WORK ITEM: Transcribe all of the records, leaving out any pictures.

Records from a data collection
= = = = =
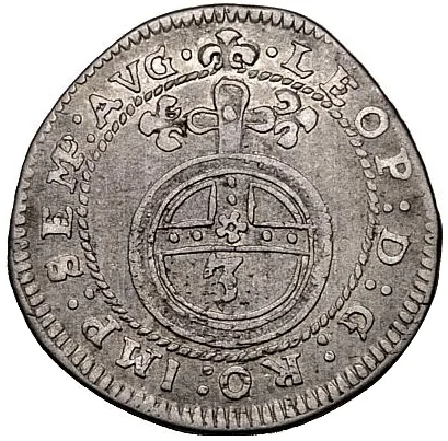 Inner circle: Imperial orb with "3." Outer circle: Titles of Leopold I.
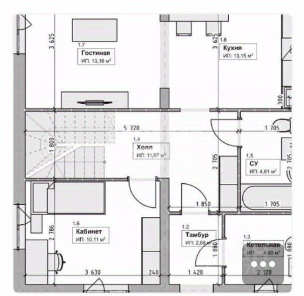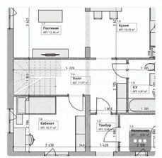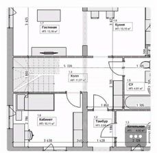 1 этаж: холл, просторная кухня-гостиная, 1 жилая комната, с/у, бойлерная.
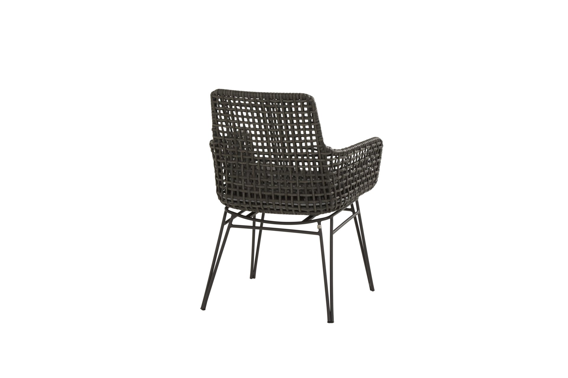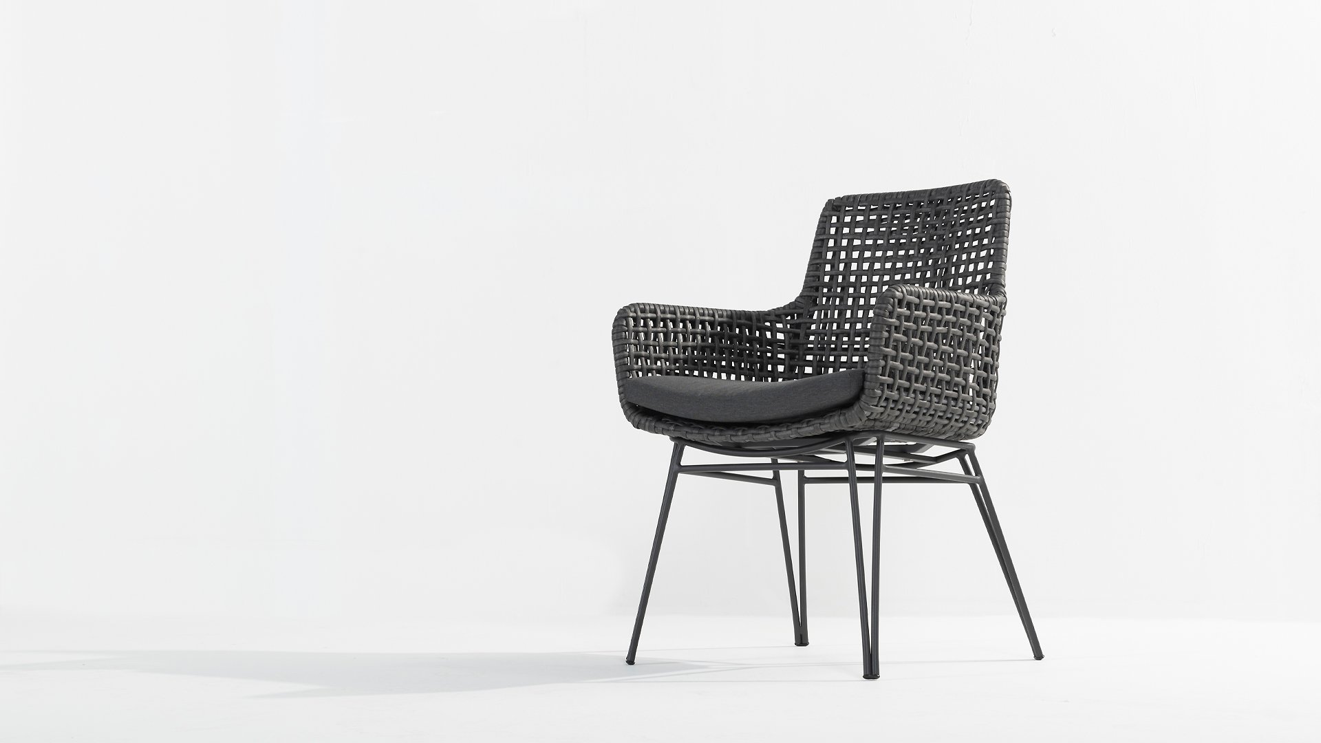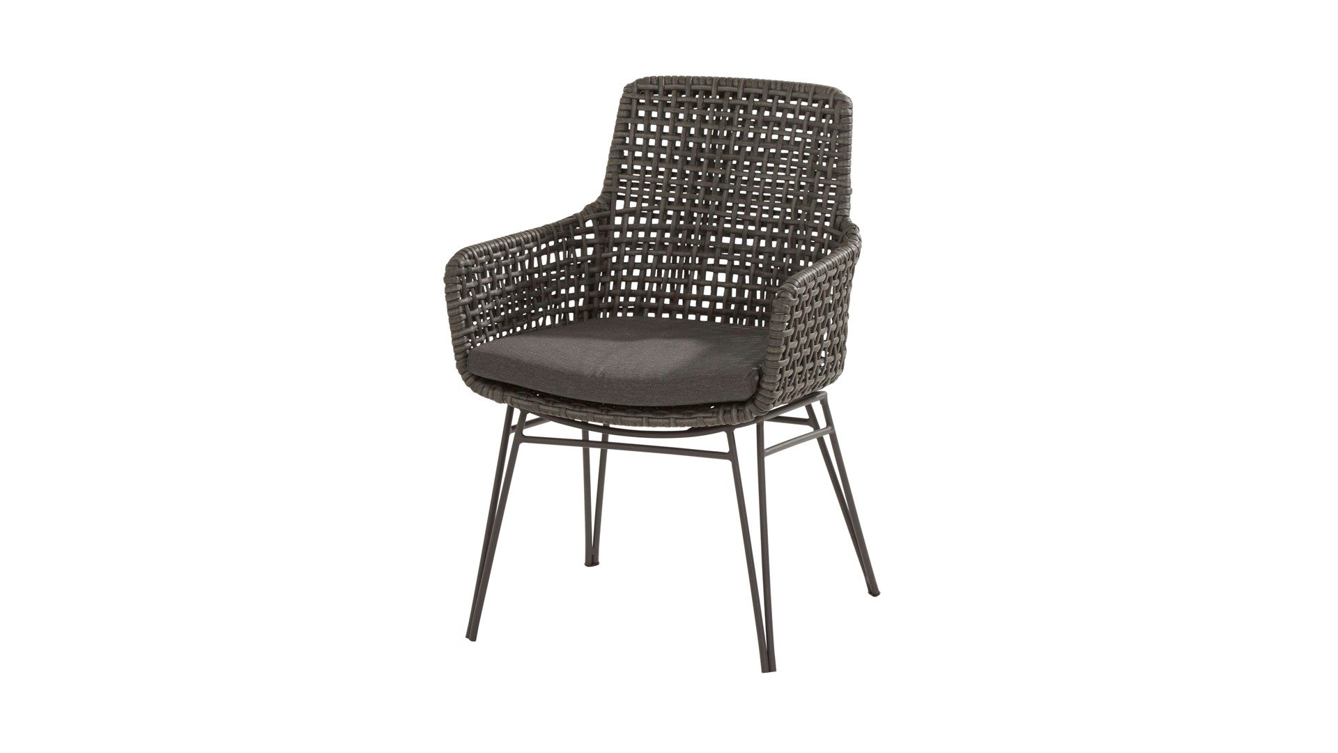 Die Taste by 4Seasons Opera Dining-Serie zeichnet sich durch ein verspieltes Geflecht aus übereinander geflochtenen Fäden aus, wodurch ein "offenes Gewebe" entsteht, ein frisches und luftiges Muster. Das professionelle Geflecht ziert einen minimalistischen Sockel aus dezenten Edelstahlrohren in anthrazitfarbener Beschichtung. Zusätzlich sind die Kissen mit einem Olefin-Kissenbezug für besten Komfort und hohe Witterungsbeständigkeit versehen.
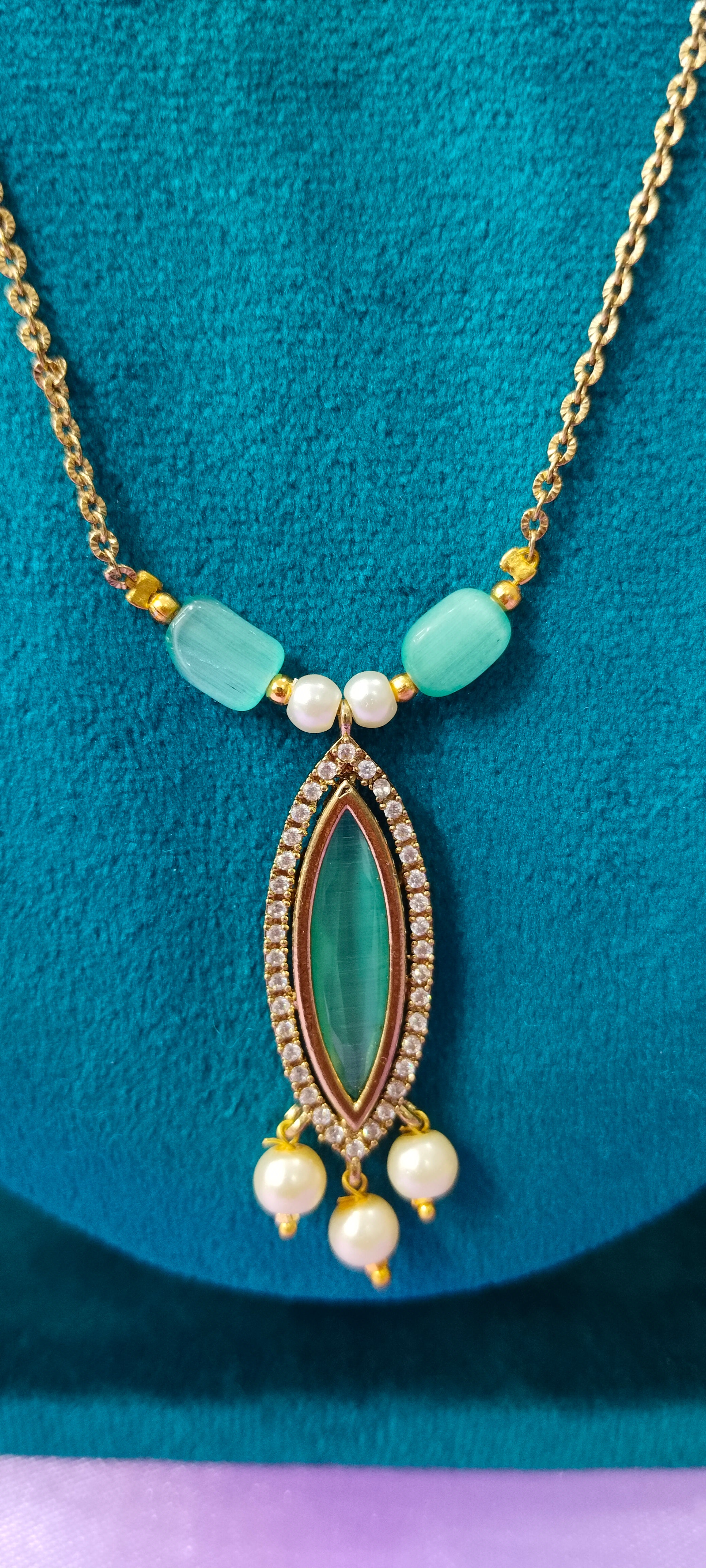 The sea-green stone evokes calm and elegance, offering a soft yet eye-catching contrast against the gold plating — a balance of cool and warm tones that draws attention without overpowering.
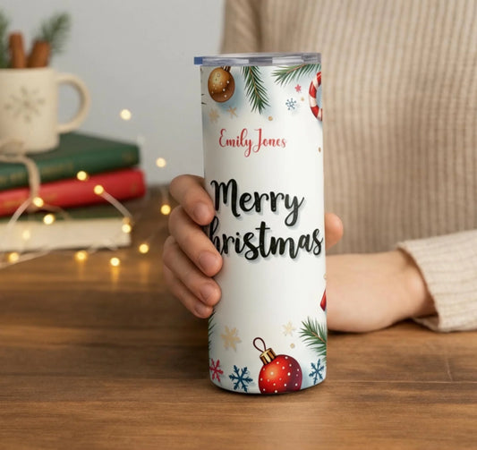 Personalized Festive Christmas Insulated Tumbler with Candy Canes & Ornaments
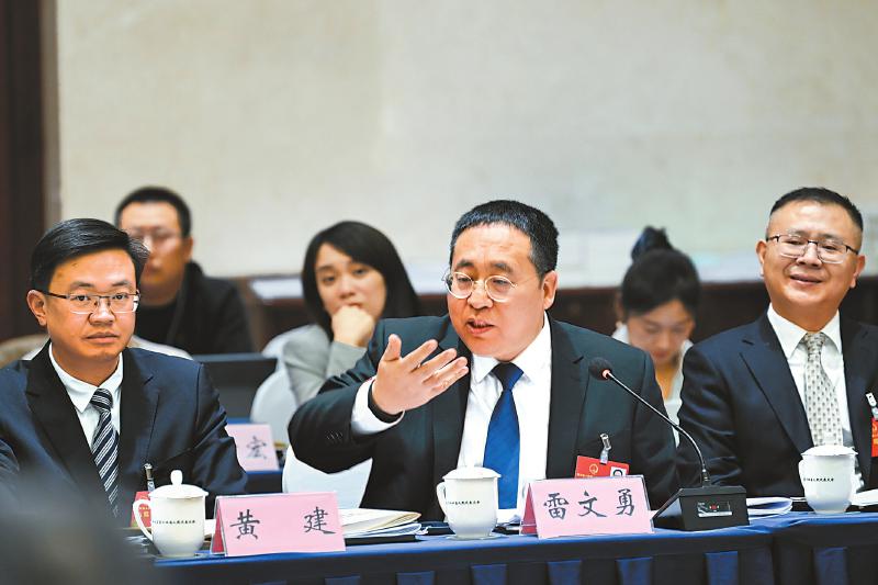 •   1月22日下午,雷文勇代表(中)建议,加大科技创新力度,特别是在农业科技方面助推更多科技成果加速转化。 四川日报全媒体记者 杨树 摄
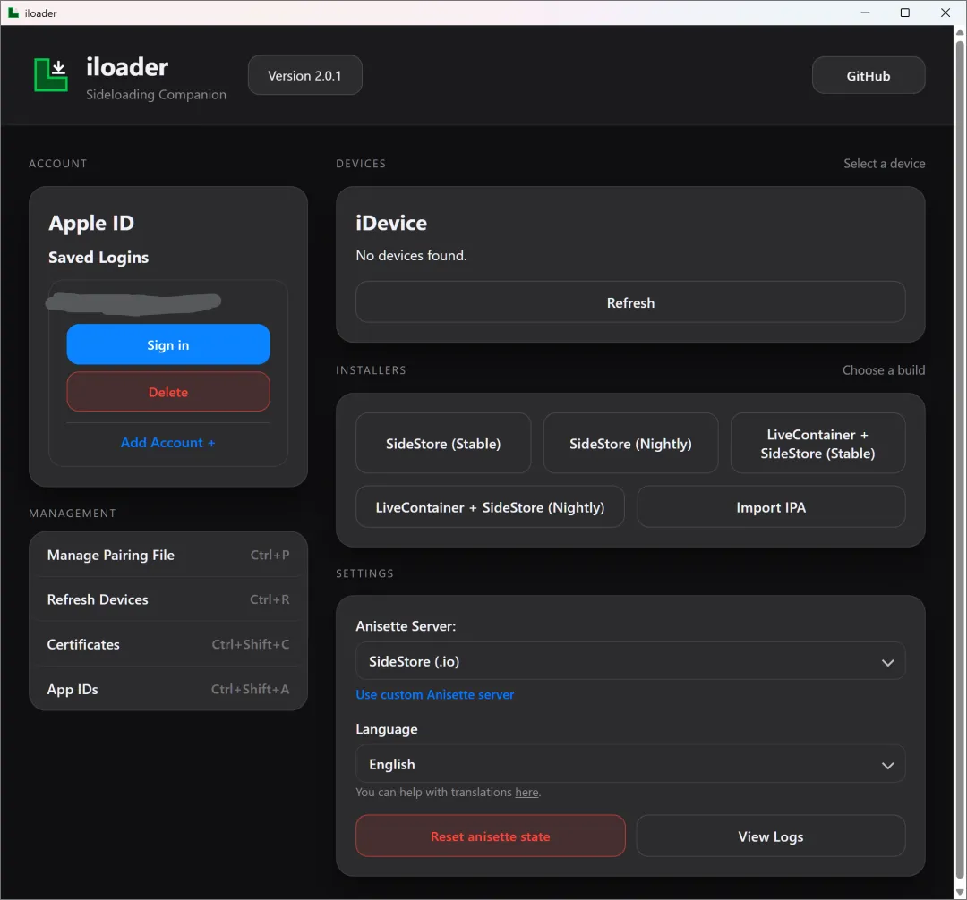 需要连接苹果设备(需要有驱动识别到设备,安装爱思助手或者iTunes或者apple devices实现)其中Refresh可以刷新设备,接着登录账号,以及用iloader安装LiveContainer + SideStore
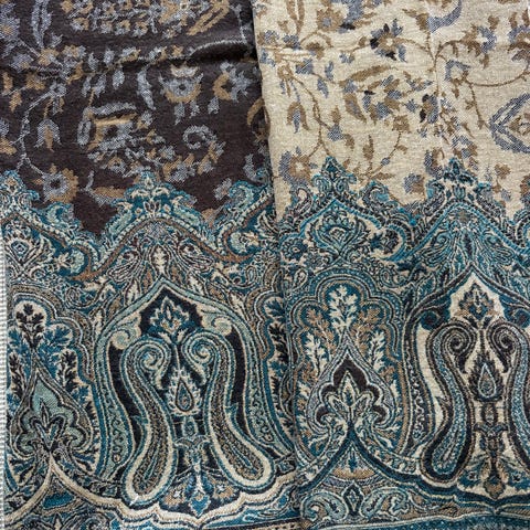 En nydelig og varm sjal i blandingsull med dekorativ blomstermønster i nydelige blå farger. Lengden er ca 177cm pluss 10cm frynser på hver side. Bredden ca 65cm. Kan brukes på begge sider. Veldig flott til jeans.
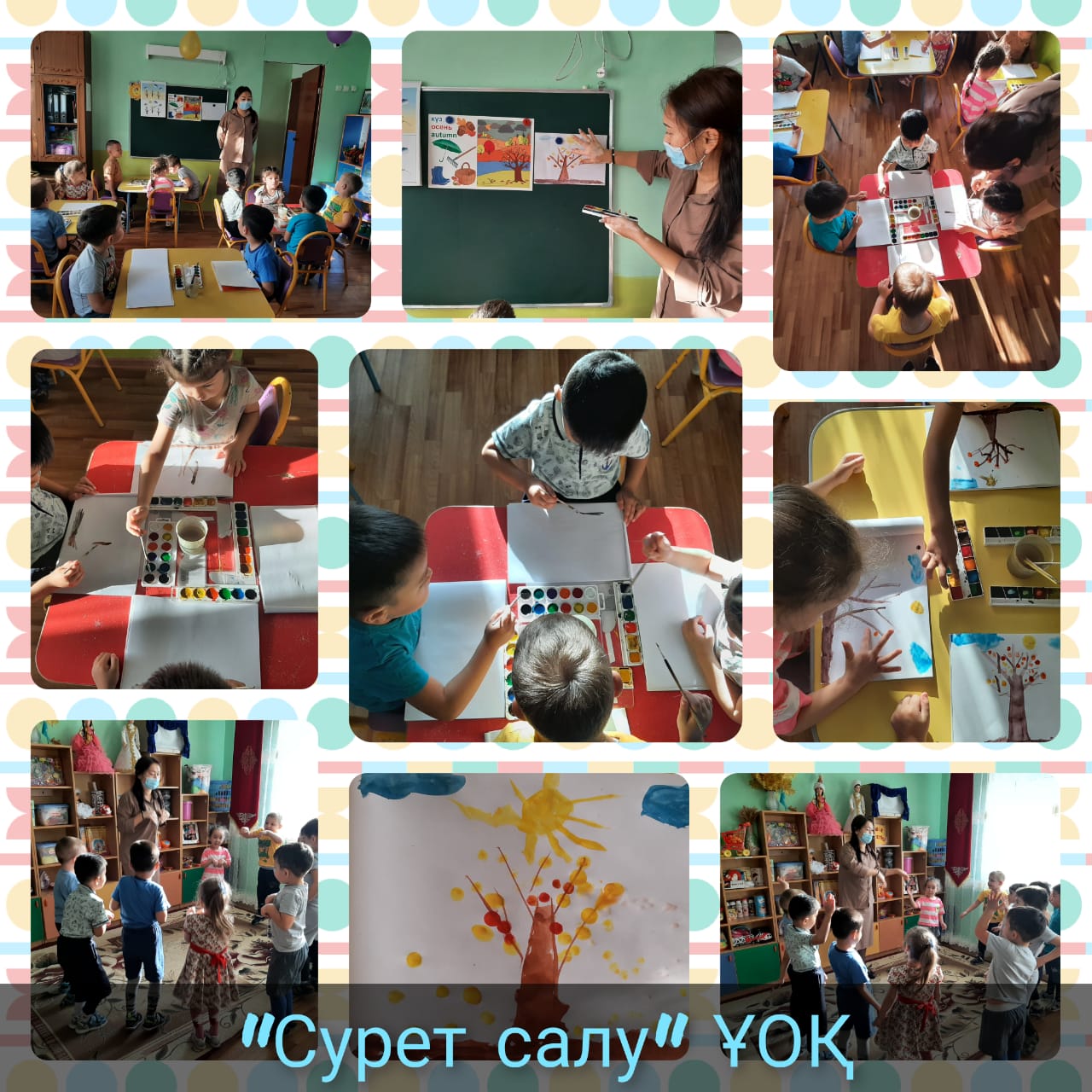 Мақсаты: Қылқаламмен және бояумен жұмыс істеу дағдыларын қалыптастыру.Саусақ арқылы қағаз бетіне дақ түсіруді қалыптастыру. Ұқыпты, тиянақты жұмыс істеуге тәрбиелеу.
= = = = =
COMPLETED EXERCISE:
 Inner circle: Imperial orb with "3." Outer circle: Titles of Leopold I.
 1 этаж: холл, просторная кухня-гостиная, 1 жилая комната, с/у, бойлерная.
 Die Taste by 4Seasons Opera Dining-Serie zeichnet sich durch ein verspieltes Geflecht aus übereinander geflochtenen Fäden aus, wodurch ein "offenes Gewebe" entsteht, ein frisches und luftiges Muster. Das professionelle Geflecht ziert einen minimalistischen Sockel aus dezenten Edelstahlrohren in anthrazitfarbener Beschichtung. Zusätzlich sind die Kissen mit einem Olefin-Kissenbezug für besten Komfort und hohe Witterungsbeständigkeit versehen.
 The sea-green stone evokes calm and elegance, offering a soft yet eye-catching contrast against the gold plating — a balance of cool and warm tones that draws attention without overpowering.
 Personalized Festive Christmas Insulated Tumbler with Candy Canes & Ornaments
 •   1月22日下午,雷文勇代表(中)建议,加大科技创新力度,特别是在农业科技方面助推更多科技成果加速转化。 四川日报全媒体记者 杨树 摄
 需要连接苹果设备(需要有驱动识别到设备,安装爱思助手或者iTunes或者apple devices实现)其中Refresh可以刷新设备,接着登录账号,以及用iloader安装LiveContainer + SideStore
 En nydelig og varm sjal i blandingsull med dekorativ blomstermønster i nydelige blå farger. Lengden er ca 177cm pluss 10cm frynser på hver side. Bredden ca 65cm. Kan brukes på begge sider. Veldig flott til jeans.
 Мақсаты: Қылқаламмен және бояумен жұмыс істеу дағдыларын қалыптастыру.Саусақ арқылы қағаз бетіне дақ түсіруді қалыптастыру. Ұқыпты, тиянақты жұмыс істеуге тәрбиелеу.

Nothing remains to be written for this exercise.